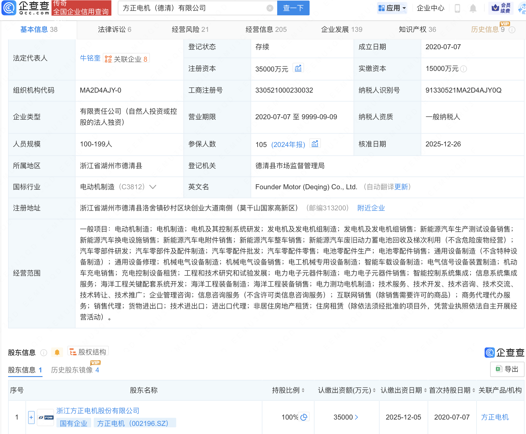 近日,方正电机(德清)有限公司发生工商变更,注册资本由2.5亿元增至3.5亿元。此前5月,该公司注册资本由1.5亿元增至2.5亿元。企查查信息显示,该公司成立于2020年,法定代表人为牛铭奎,经营范围包含:电动机制造;电机制造;电机及其控制系统研发;发电机及发电机组制造等,由方正电机(002196)全资持股。
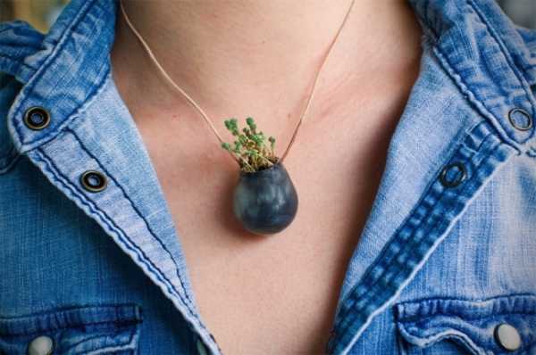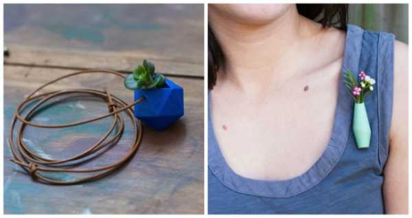 Ідеальна прикраса для аматорок природи від дизайнера Колін Джордан. Крихітні вазочки надруковані на 3D-принтері, а квіти і сукуленти – живі і ростуть у поживній суміші. Їх можна носити на шиї, ставити на робочий стіл або кріпити на кермо велосипеда.
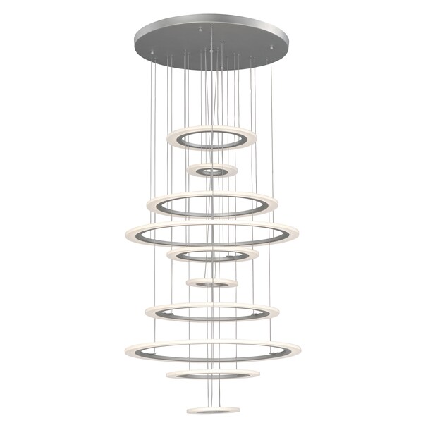 A new variation of a very popular series with many different configurations many of which are large scale for commercial applications. Metal rings of Matte Silver support horizontal acrylic diffusers which glow when illuminated by dimmable LED.
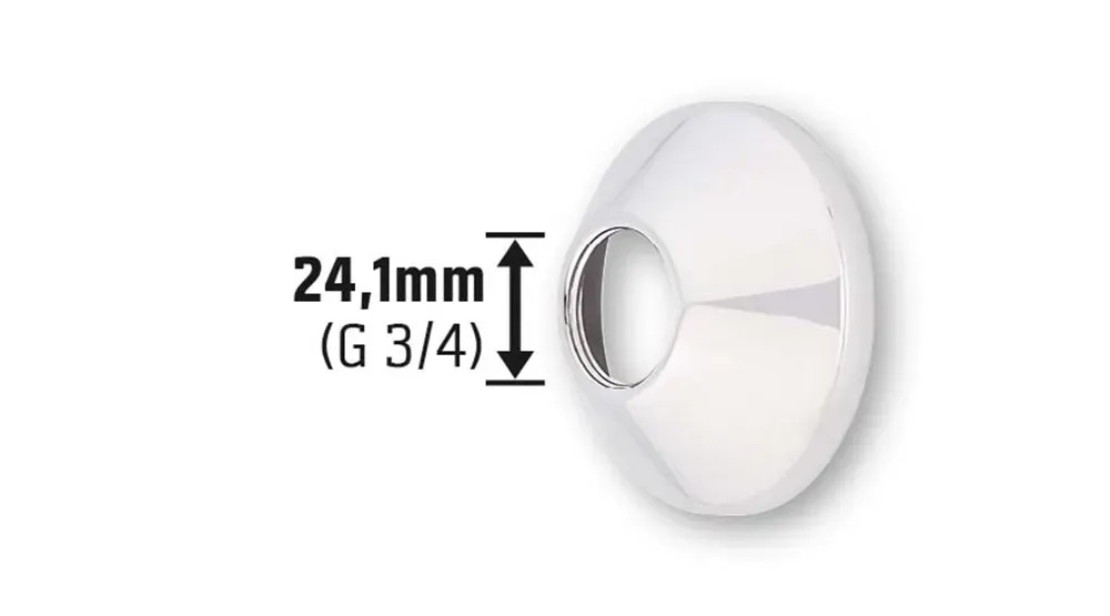A dekoratív OBI takarórózsa mutatósan takarja el a fali szerelvények csőcsatlakozásait. Praktikus tartozék, amely a hideg és meleg vizes vezetékek fektetésekor, valamint a fűtés szerelésekor használatos. A pontos rácsavarozáshoz 24,1 mm-es (G 3/4) belső menettel rendelkezik. Anyaga krómozott fém. Könnyen kezelhető és karcálló. A takarórózsa magassága 26 mm.
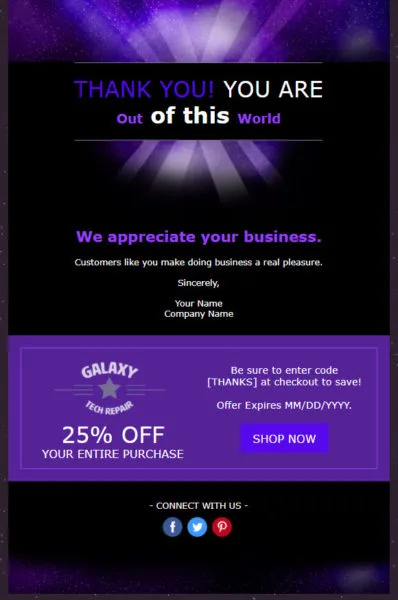 Um simples e-mail que agradece aos clientes por seu apoio, associação contínua e contribuição para o seu sucesso fará com que eles se sintam parte do seu negócio.
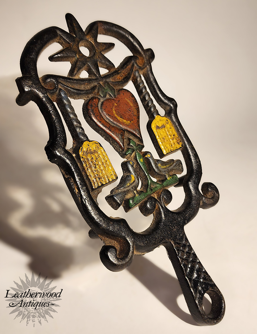 Cast Iron "love token" Trivett - two love birds (symbolize love & peace), underneath two central hearts (symbolize love & affection) and a sun or star at the top, representing light and prosperity. American, Early 1900’s.
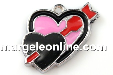 Pandantiv, inima cu sageata, negru cu roz - x2
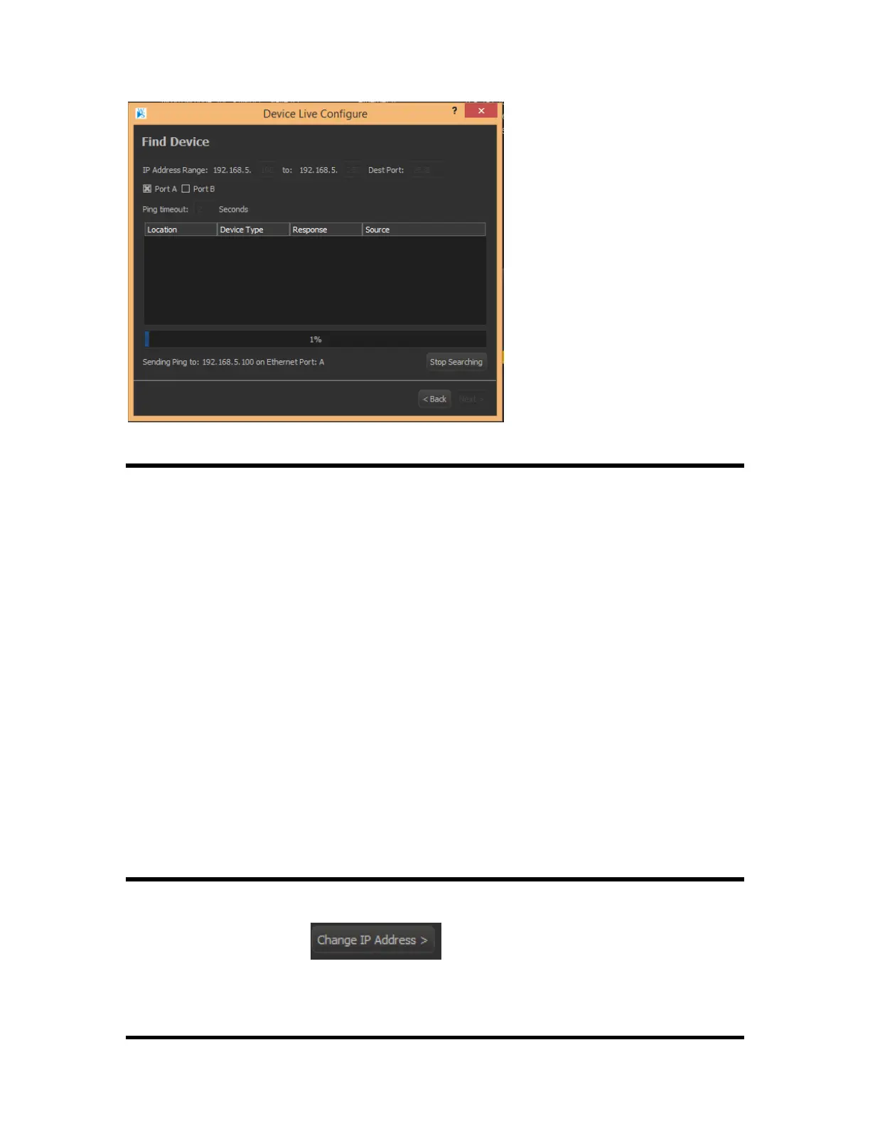 select the “Change IP Address” option within the “Find Device” dialog

***

### Task directions
Copy exactly, and only, the lines from the line containing "Um simples e-mail" through the final line of the material above, with no pictures.

### Reply to the task
 Um simples e-mail que agradece aos clientes por seu apoio, associação contínua e contribuição para o seu sucesso fará com que eles se sintam parte do seu negócio.
 Cast Iron "love token" Trivett - two love birds (symbolize love & peace), underneath two central hearts (symbolize love & affection) and a sun or star at the top, representing light and prosperity. American, Early 1900’s.
 Pandantiv, inima cu sageata, negru cu roz - x2
 select the “Change IP Address” option within the “Find Device” dialog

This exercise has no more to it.